Being overweight or obese can put additional pressure on the pelvic floor muscles, which can lead to stress incontinence. It’s important to exercise and eat a diet low in sugar, fat, and calories to lose or maintain weight. Your doctor can refer you to NYU Langone’s Weight Management Program, where experts can help create a diet plan that’s right for you.
Chronic cough, a cough that lasts eight weeks or longer, can put pressure on the muscles of the pelvic floor and lead to stress incontinence. The most common causes of chronic cough are acid reflux, asthma, postnasal drip, and smoking.
Your NYU Langone doctor may prescribe antihistamines for allergy-related postnasal drip, antacid medications for acid reflux, inhaled steroid medications for asthma, or cough suppressants to help quiet your cough in general. If you smoke, consider quitting, which can stop your chronic cough.
Not only can smoking cause chronic cough, but it may also irritate your bladder, which can lead to urgency and stress incontinence. If you smoke, our experts urge you to take steps to quit.

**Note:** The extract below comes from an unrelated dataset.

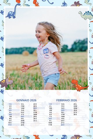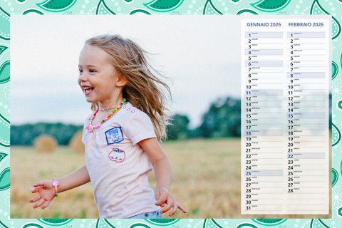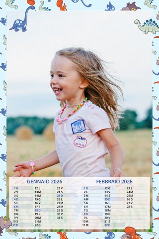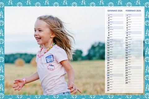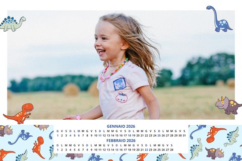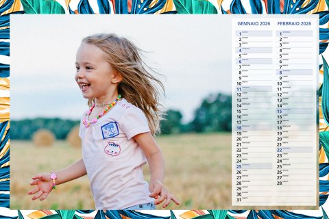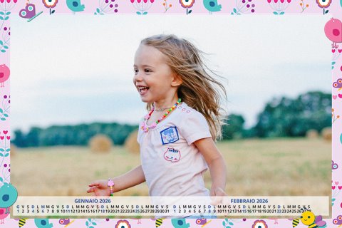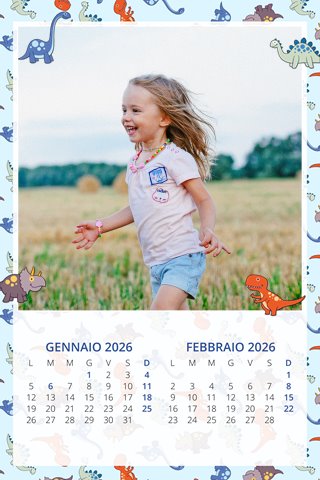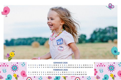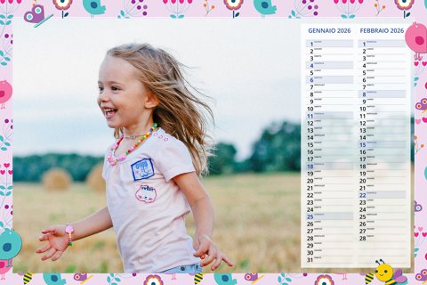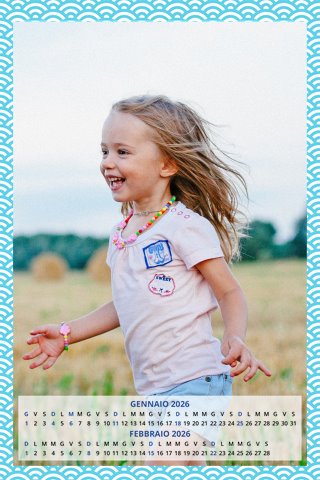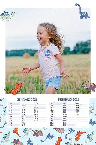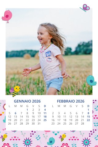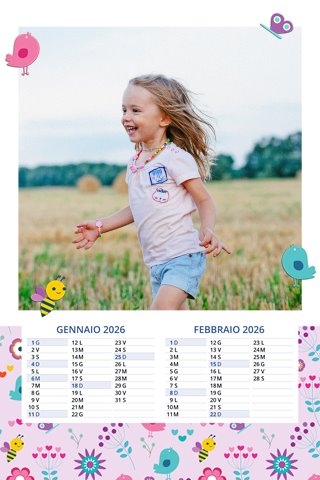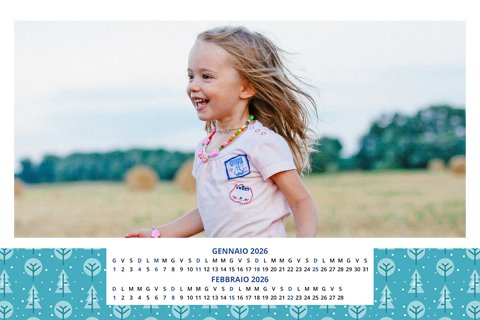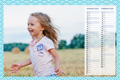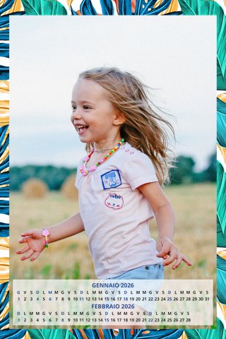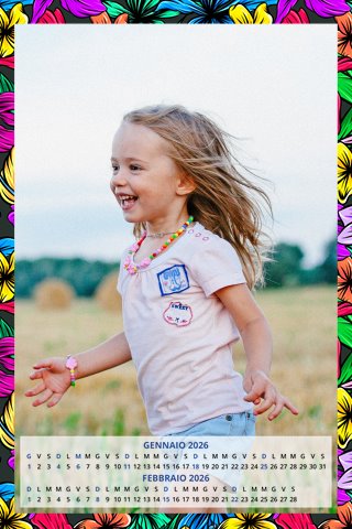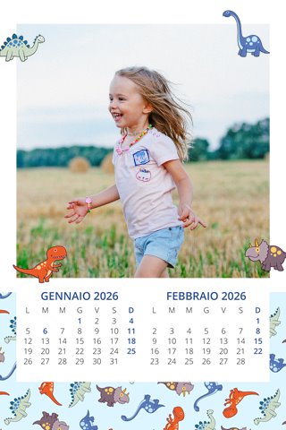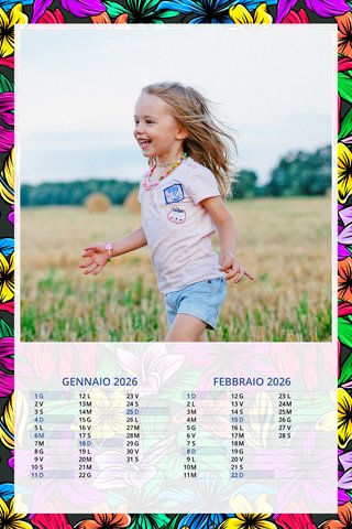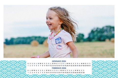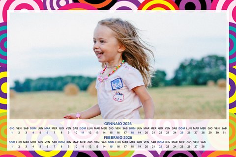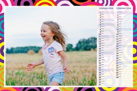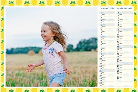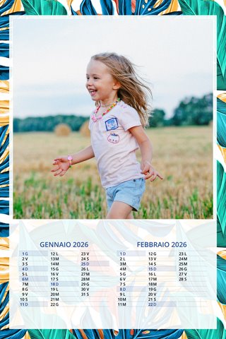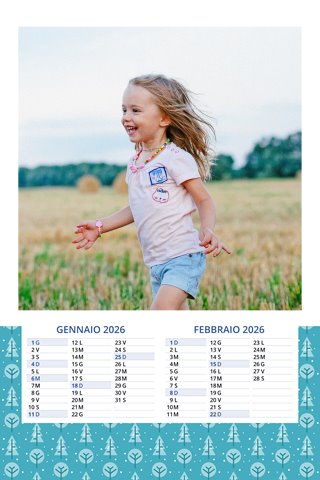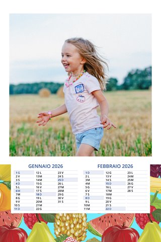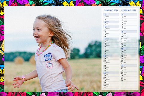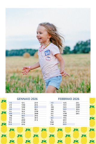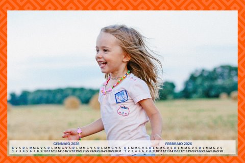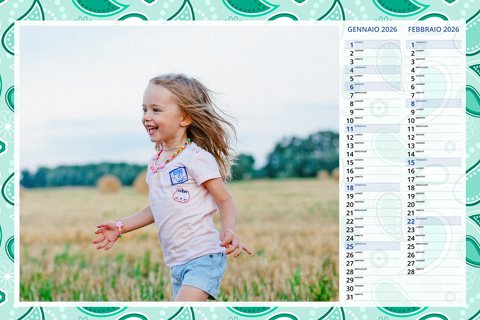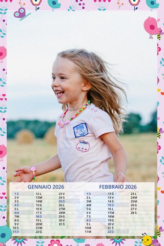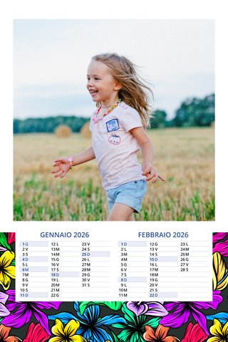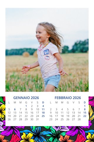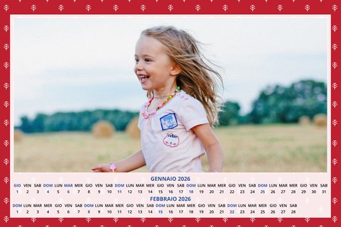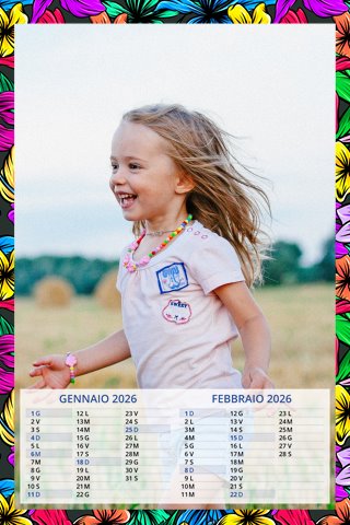 I Calendari Bimestrali sono stampati su carta fotografica; si compongono di 6 pagine, su ciascuna delle quali sono riportati due mesi. Sono necessarie 6 fotografie da inserire nelle raffinate grafiche offerte. Il posizionamento dell’immagine è determinante per la qualità del risultato finale: potrai modificare l’anteprima del tuo calendario, ed avere quindi il risultato più soddisfacente. E’ possibile effettuare questa operazione direttamente online.

Your NYU Langone doctor may refer you to specialists at NYU Langone’s Tobacco Cessation Programs, which offer group or individual programs to help you quit.
Pelvic floor exercises help strengthen the muscles of the pelvic floor, which support the bladder and urethra and control the flow of urine. These are the muscles you use to “hold it in” when you have to urinate.
NYU Langone doctors recommend daily Kegel exercises, in which you tighten and release pelvic floor muscles. Your doctor can teach you how to identify these muscles and perform the exercises correctly. He or she can refer you to physical therapists at NYU Langone’s Rusk Rehabilitation for additional support.
Pelvic floor exercises are recommended for both stress and urgency incontinence.